■ What the exercise asks ■
Through the line with "Il s'agit d'un" and starting from the first line, return the records below word for word, with pictures left out.

Records provided section start

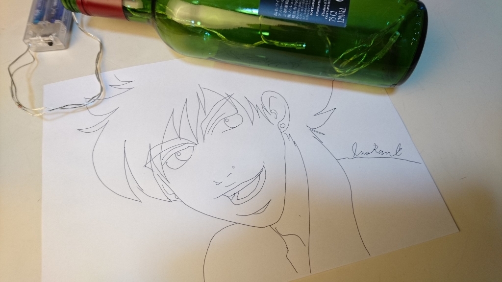 JUGEMテーマ:芸能情報、テレビ・音楽ニュース フライングメリークリスマス! INORANさん。 今回はワイン瓶のイルミネーション。 でもそう見えない。 100均で買ったライトだけれど、 ちょっと接触が悪くて、 ついたり消えたり。 スイッチを入れてるのに、 灯がみるみるちいさくなったり がっくり がっくりだよー 今回も一発画です。
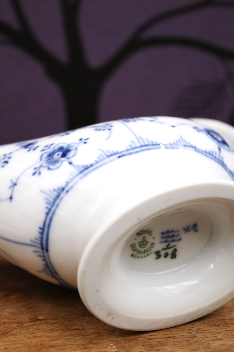 Royal Copenhagen , Musselmalet Riflet lille småkande / sovseskål med hank. Dekorationsnummer: 1/308. 1.sort. 1923-28.
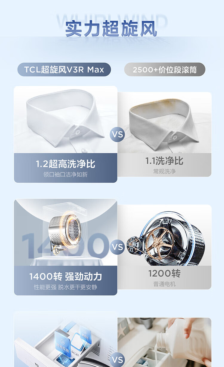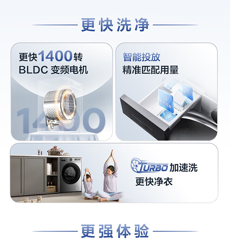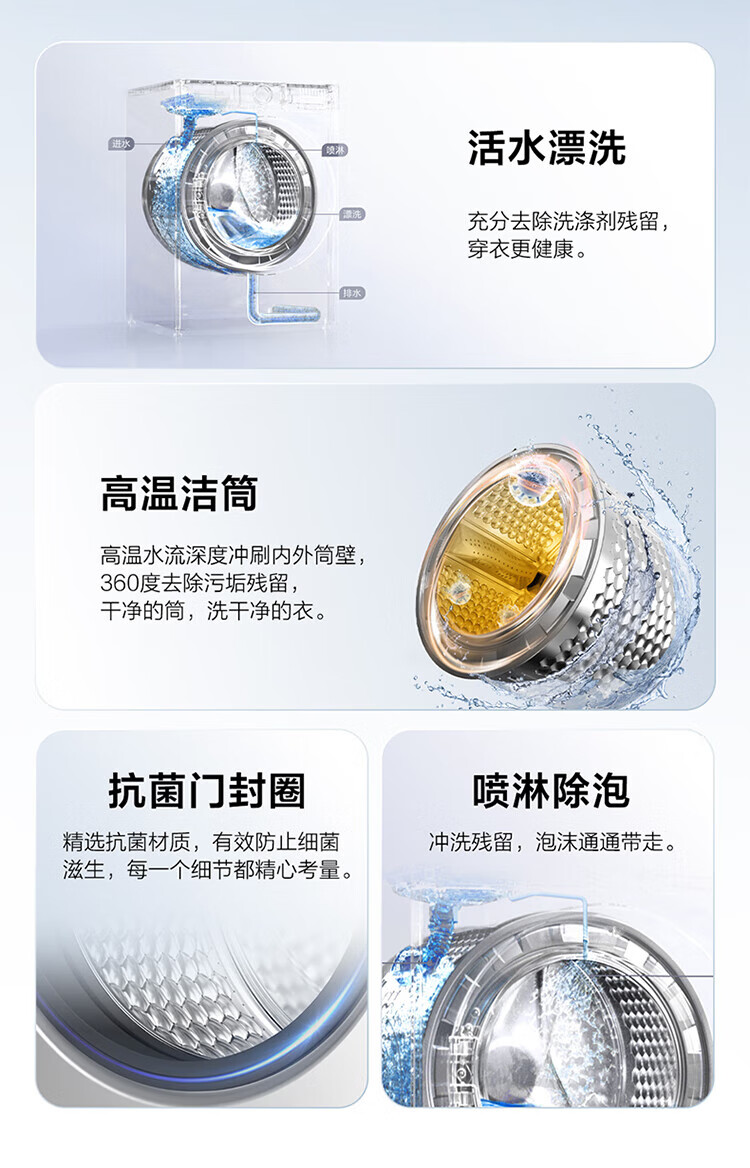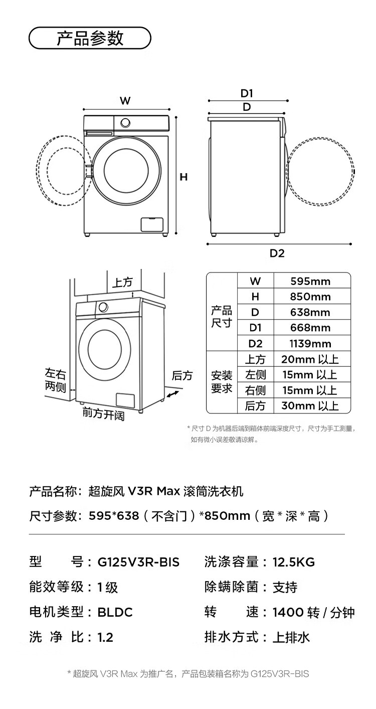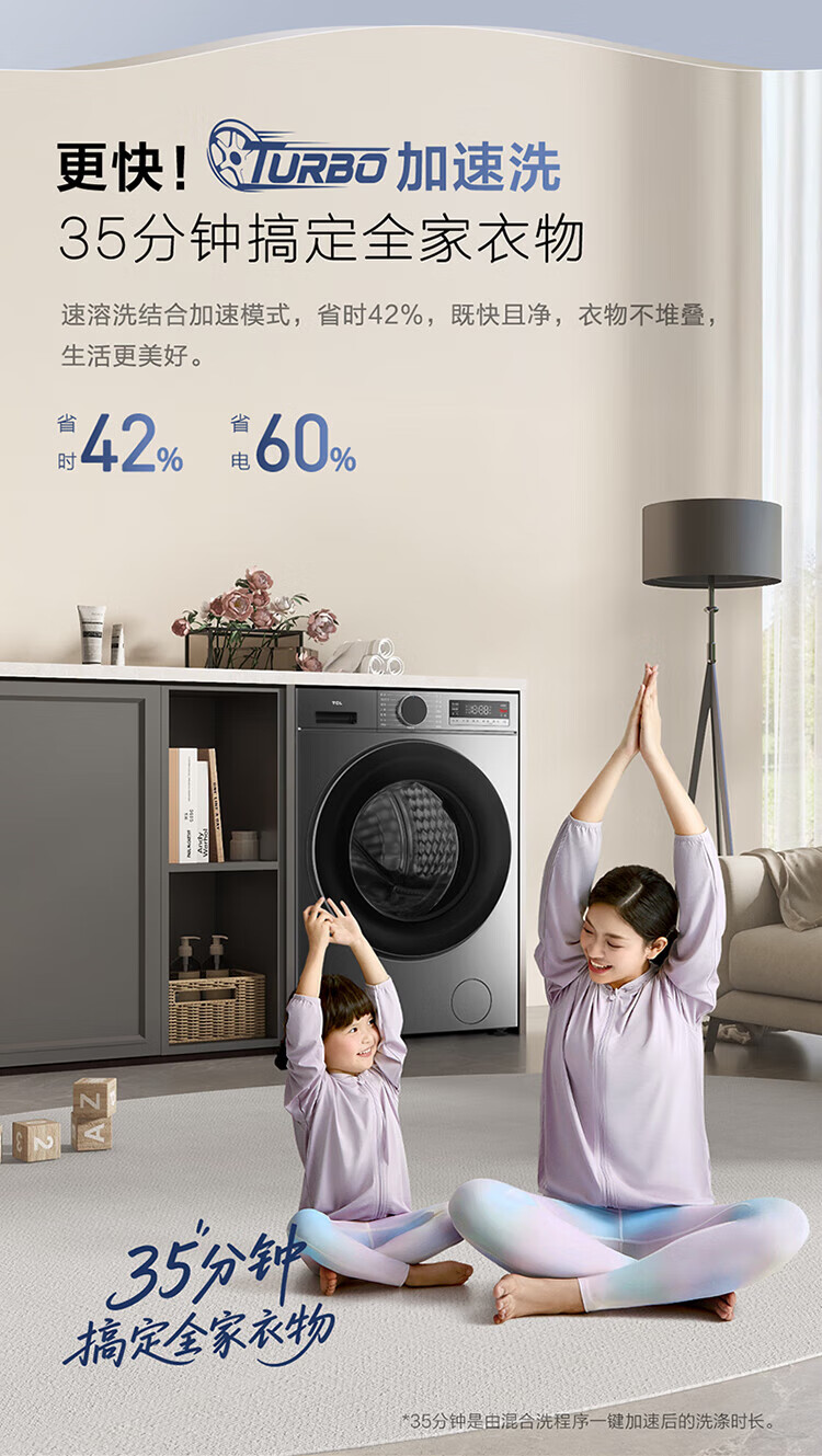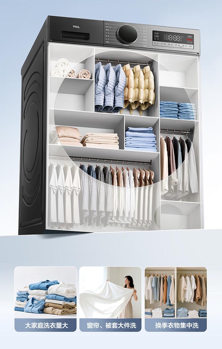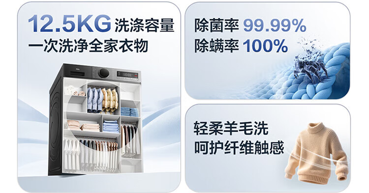 TCL洗衣机滚筒全自动12.5公斤1400转变频电机智能投放一级能效家用大容量超薄强力除菌杀螨1.2洗净比 12.5公斤灰色
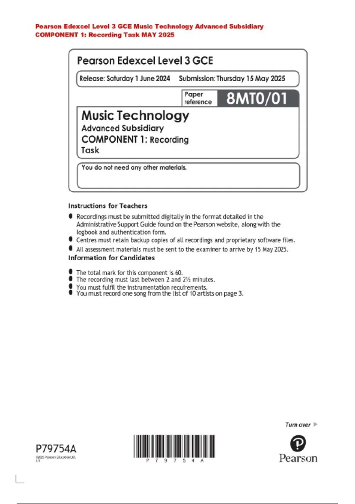 Pearson Edexcel Level 3 GCE Music Technology Advanced Subsidiary COMPONENT 1: Recording Task MAY 2025
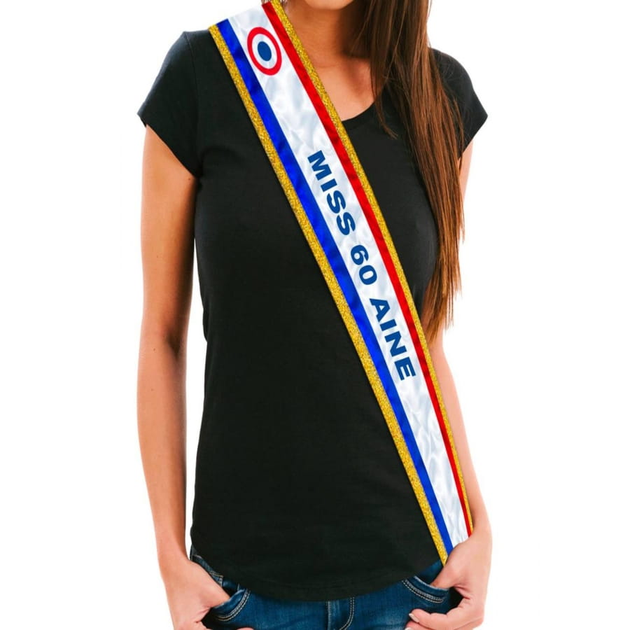 Il s'agit d'un kit composé d'une écharpe en tissu, sur lequel est écrite l'expression "Miss 60 aine".
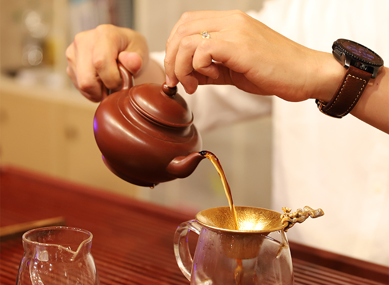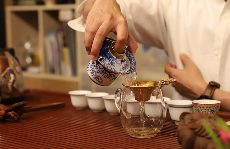 자사호나 개완을 사용했을 때, 두 번 우린 차를 큰 숙우에 담아 4명씩 마실 차의 양을 작은 숙우 2개로 나누어 사용하면 찻잔에 7부 정도의 양을 넣고 마시게 되는데, 이때 차의 깊은 맛을 한 잔으로 충분히 느낄 수 있다고 한다. 9명이나 10명이 되면 차의 양을 5부나 6부 정도로 적게 따르게 된다. 그러면 차의 충분한 맛을 즐길 수 없게 되기에 이런 방식을 고집하고 안이 깊은 찻잔을 사용한다고 했다.

Records provided section end

■ Problem solution ■
 JUGEMテーマ:芸能情報、テレビ・音楽ニュース フライングメリークリスマス! INORANさん。 今回はワイン瓶のイルミネーション。 でもそう見えない。 100均で買ったライトだけれど、 ちょっと接触が悪くて、 ついたり消えたり。 スイッチを入れてるのに、 灯がみるみるちいさくなったり がっくり がっくりだよー 今回も一発画です。
 Royal Copenhagen , Musselmalet Riflet lille småkande / sovseskål med hank. Dekorationsnummer: 1/308. 1.sort. 1923-28.
 TCL洗衣机滚筒全自动12.5公斤1400转变频电机智能投放一级能效家用大容量超薄强力除菌杀螨1.2洗净比 12.5公斤灰色
 Pearson Edexcel Level 3 GCE Music Technology Advanced Subsidiary COMPONENT 1: Recording Task MAY 2025
 Il s'agit d'un kit composé d'une écharpe en tissu, sur lequel est écrite l'expression "Miss 60 aine".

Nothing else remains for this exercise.